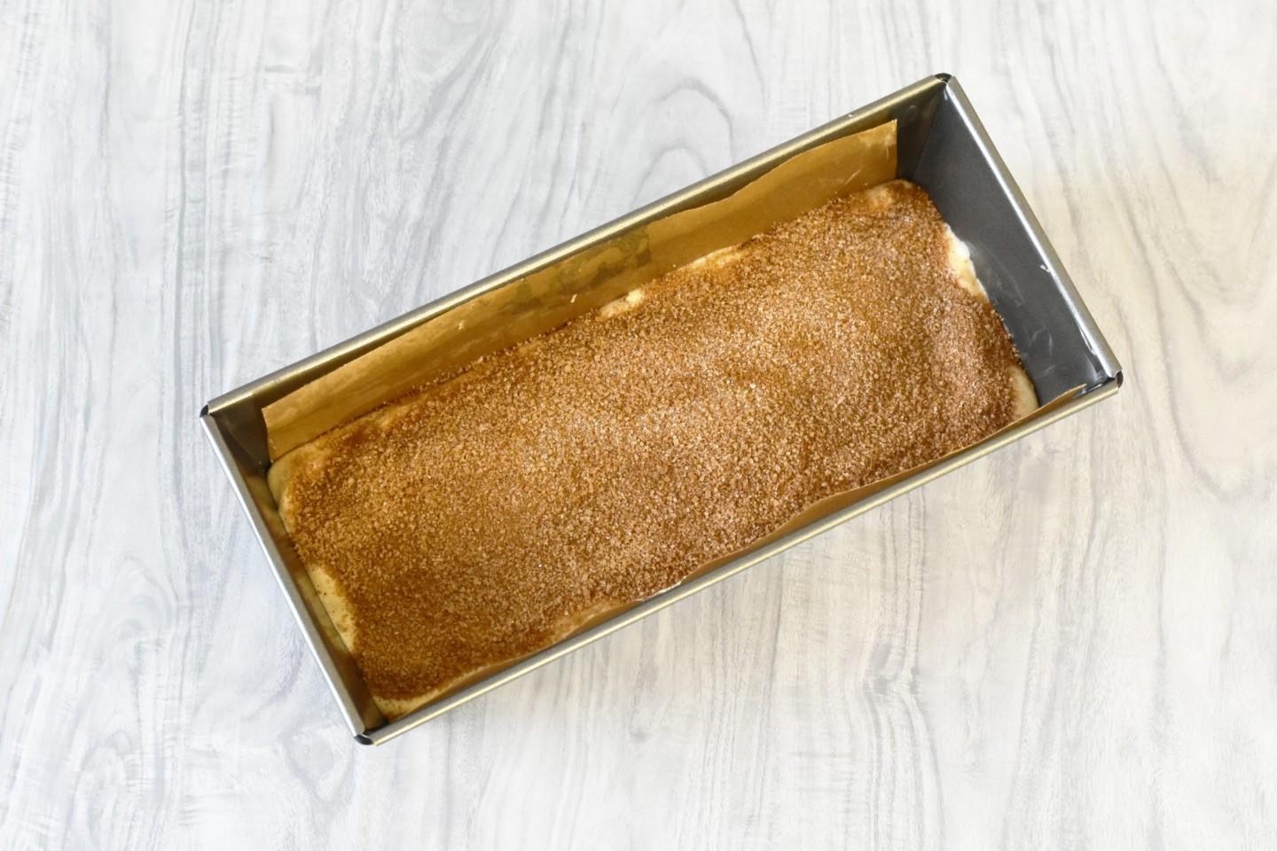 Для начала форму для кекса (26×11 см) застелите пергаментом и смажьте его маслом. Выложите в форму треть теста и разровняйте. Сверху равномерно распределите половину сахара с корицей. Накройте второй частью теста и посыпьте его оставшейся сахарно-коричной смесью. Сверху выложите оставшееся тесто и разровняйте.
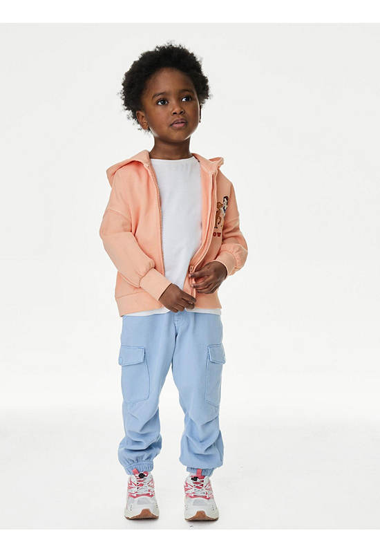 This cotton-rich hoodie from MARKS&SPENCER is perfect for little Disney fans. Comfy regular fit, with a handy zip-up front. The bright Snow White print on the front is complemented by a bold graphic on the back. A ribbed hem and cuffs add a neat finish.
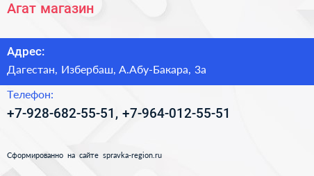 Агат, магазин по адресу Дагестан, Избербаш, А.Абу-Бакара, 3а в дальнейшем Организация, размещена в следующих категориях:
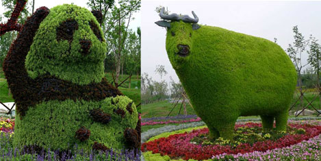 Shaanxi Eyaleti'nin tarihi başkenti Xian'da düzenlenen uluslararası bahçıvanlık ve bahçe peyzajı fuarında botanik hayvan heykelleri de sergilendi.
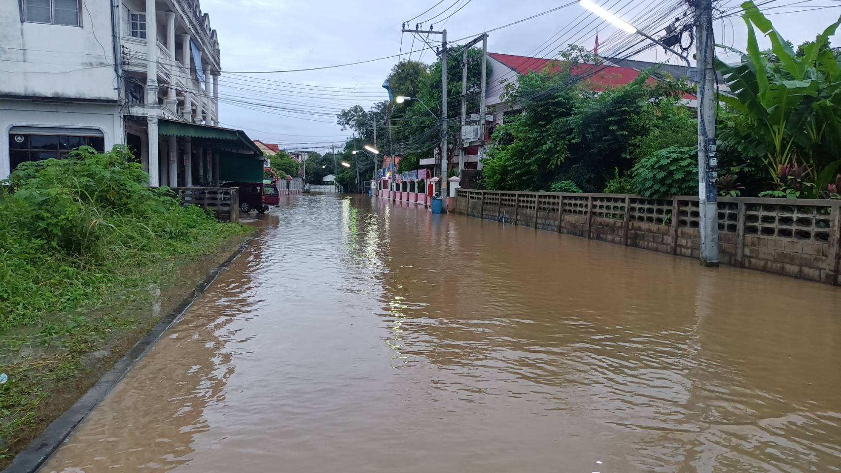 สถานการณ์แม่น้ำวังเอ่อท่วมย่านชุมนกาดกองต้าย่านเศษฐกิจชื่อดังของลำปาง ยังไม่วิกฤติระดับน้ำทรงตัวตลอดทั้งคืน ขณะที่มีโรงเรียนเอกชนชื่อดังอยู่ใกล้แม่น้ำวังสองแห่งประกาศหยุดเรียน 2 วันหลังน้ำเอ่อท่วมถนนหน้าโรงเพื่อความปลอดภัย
****************
## Required action:
Copy out exactly the lines above beginning with the line that contains "This cotton-rich hoodie" and finishing with the line that contains "Агат, магазин по", including both; leave the pictures out.

## Output for this exercise:
 This cotton-rich hoodie from MARKS&SPENCER is perfect for little Disney fans. Comfy regular fit, with a handy zip-up front. The bright Snow White print on the front is complemented by a bold graphic on the back. A ribbed hem and cuffs add a neat finish.
 Агат, магазин по адресу Дагестан, Избербаш, А.Абу-Бакара, 3а в дальнейшем Организация, размещена в следующих категориях:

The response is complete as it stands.